> _WHAT THE TASK REQUIRES_
Please repeat exactly the lines below from the line with "Collar porta celular" to the line with "- нажать по", including both, and leave out every picture.

> _SOURCE DATA_

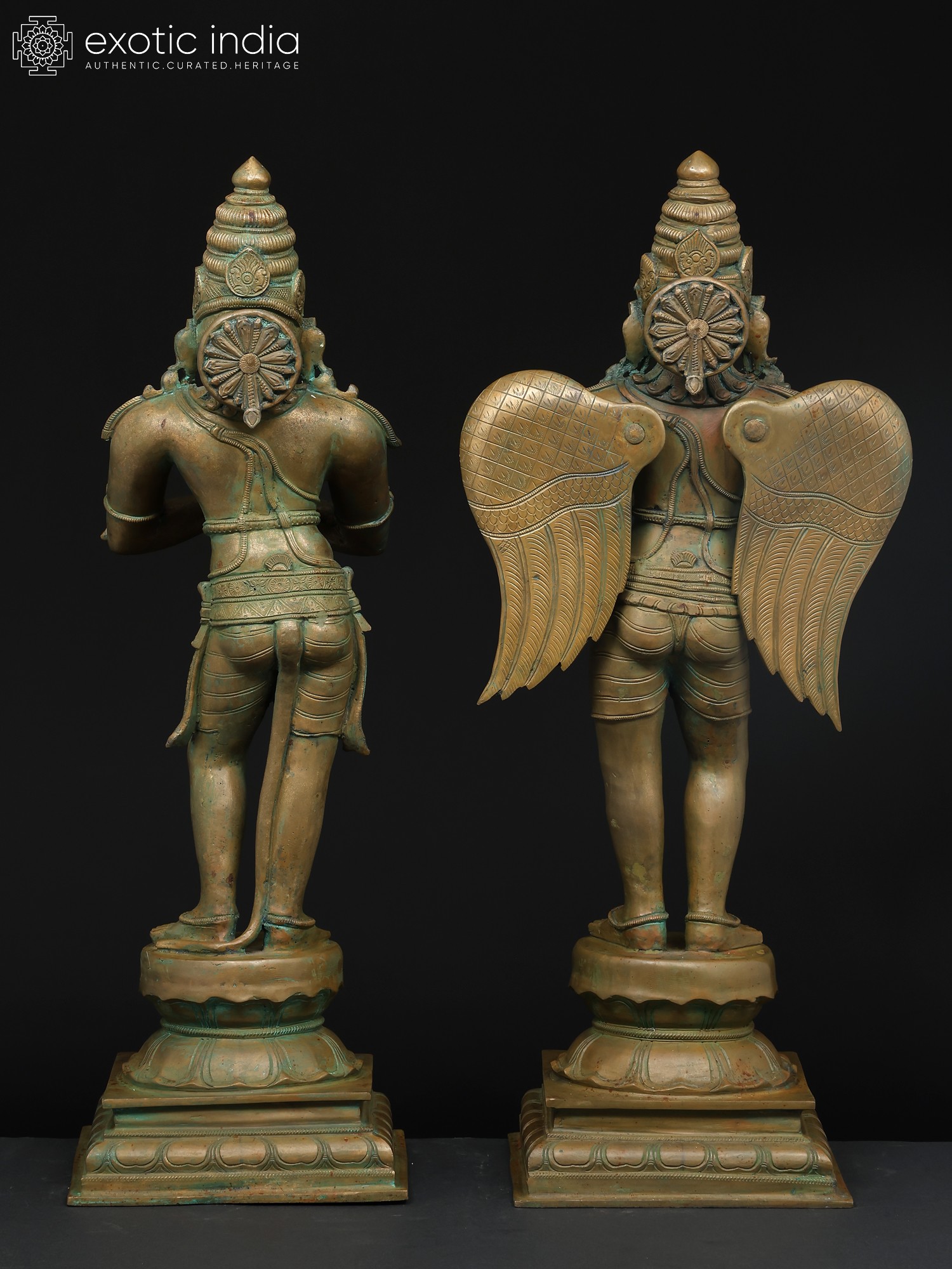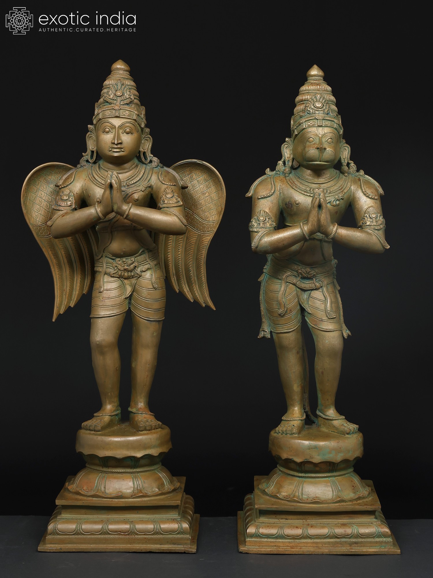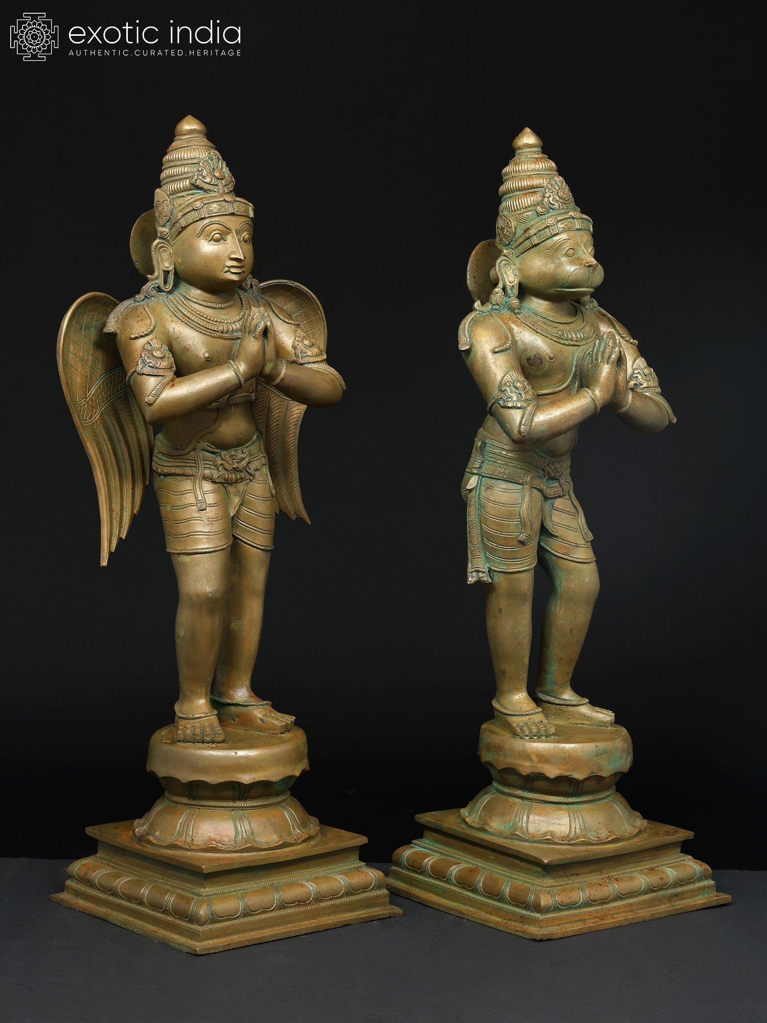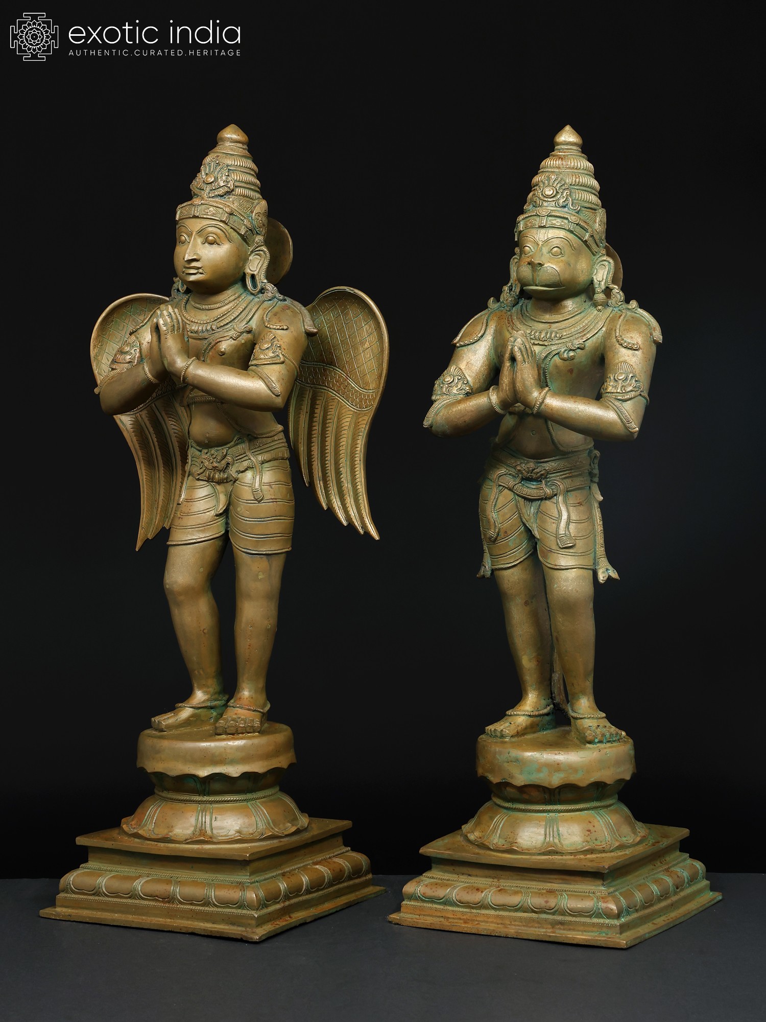 Both are adorned with exquisite precision, wearing kirtimukha waistbands and makara-shaped armbands, with Garuda marked by peacock feathers tucked behind his ears and Hanuman adorned with his characteristic globular kundalas, reflecting the meticulous attention to detail with which Chola bronzes treat ornamentation.
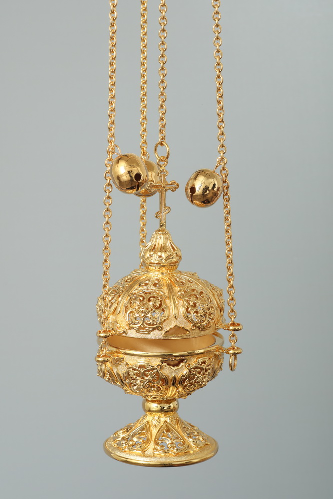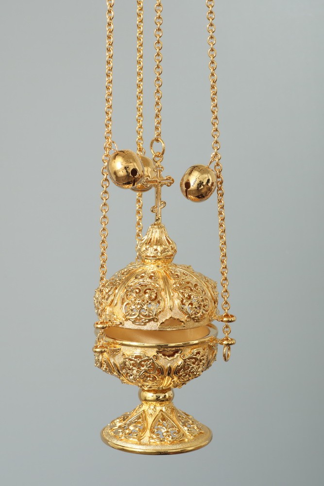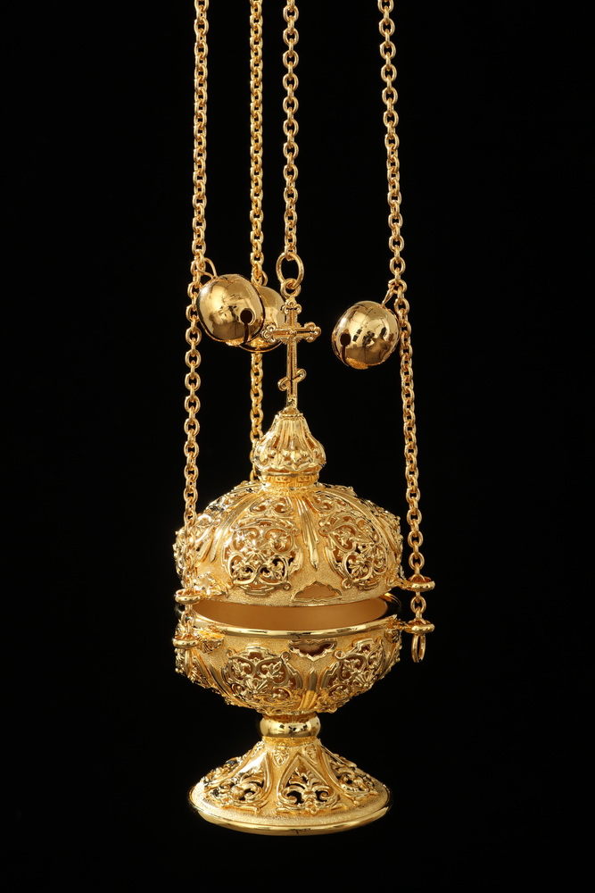Царственное и благородное кадило с бубенцами выполнено из латуни методом литья. Позолоченная поверхность кадила щедро украшена объемными и прорезными орнаментами. Крышка кадила увенчана восьмиконечным крестом.
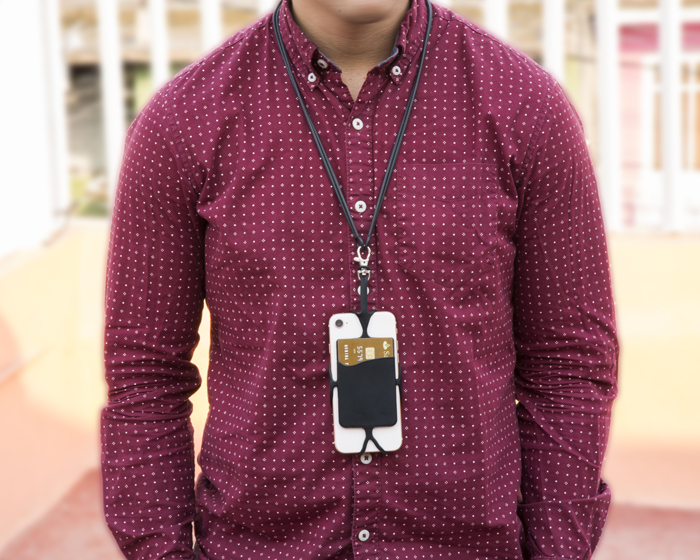 Collar porta celular con tarjetero de silicón. Se puede separar por partes.
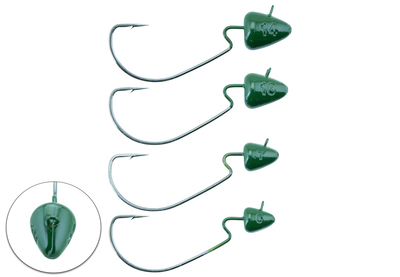 SZ Offset is a weedless jig hook with a conically shaped head mounted on an offset hook that easily moves between grass and vegetation.
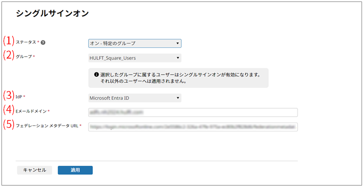 お客様環境で設定されたADFSまたはMicrosoft Entra IDをHULFT Squareに登録するために、フェデレーションメタデータのURLを指定します。
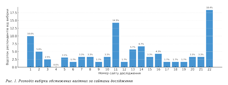 Відповідно до сформульованих завдань проєкту було набрано 1 510 респонденток з числа вагітних жінок, 14 записів виключено через невідповідність критеріям відбору, відтак до обстеження було залучено 1 496 жінок. Набір респондентів проводився у м. Києві на базі 22-х ЗОЗ та їх філій (рис. 1).
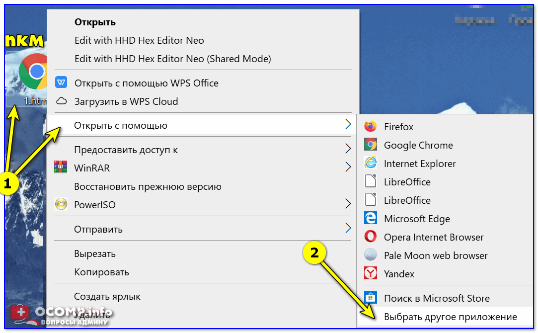 - нажать по нему правой кнопкой мыши и выбрать меню «Открыть с помощью —> Выбрать другое приложение» и указать свой браузер ();
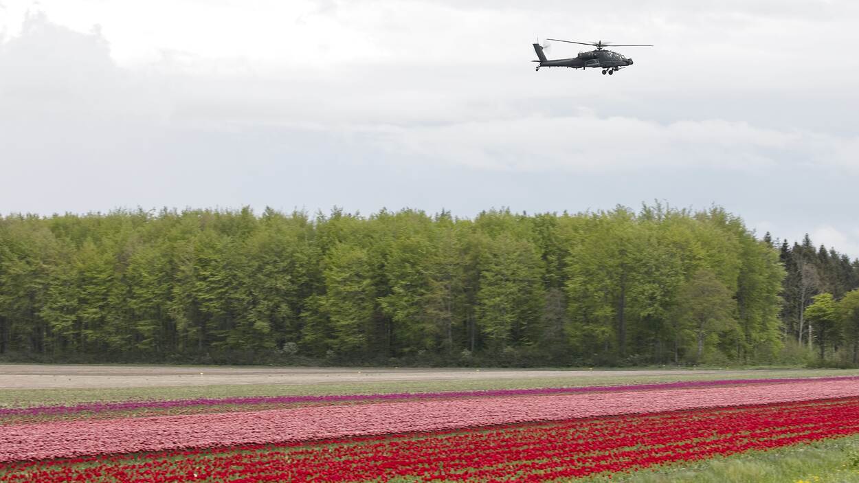 Arno Gravemaker was er als de kippen bij om de Apache gevechtshelikopter vast te leggen terwijl die boven de kleurrijke bloembollenvelden bij Biddinghuizen vloog. Een foto vol contrasten: fleurige bloembollen, groene bomen, een grijze lucht en een matgroen gecamoufleerde helikopter. Prima plaat dus!

> _TASK ANSWER_
 Collar porta celular con tarjetero de silicón. Se puede separar por partes.
 SZ Offset is a weedless jig hook with a conically shaped head mounted on an offset hook that easily moves between grass and vegetation.
 お客様環境で設定されたADFSまたはMicrosoft Entra IDをHULFT Squareに登録するために、フェデレーションメタデータのURLを指定します。
 Відповідно до сформульованих завдань проєкту було набрано 1 510 респонденток з числа вагітних жінок, 14 записів виключено через невідповідність критеріям відбору, відтак до обстеження було залучено 1 496 жінок. Набір респондентів проводився у м. Києві на базі 22-х ЗОЗ та їх філій (рис. 1).
 - нажать по нему правой кнопкой мыши и выбрать меню «Открыть с помощью —> Выбрать другое приложение» и указать свой браузер ();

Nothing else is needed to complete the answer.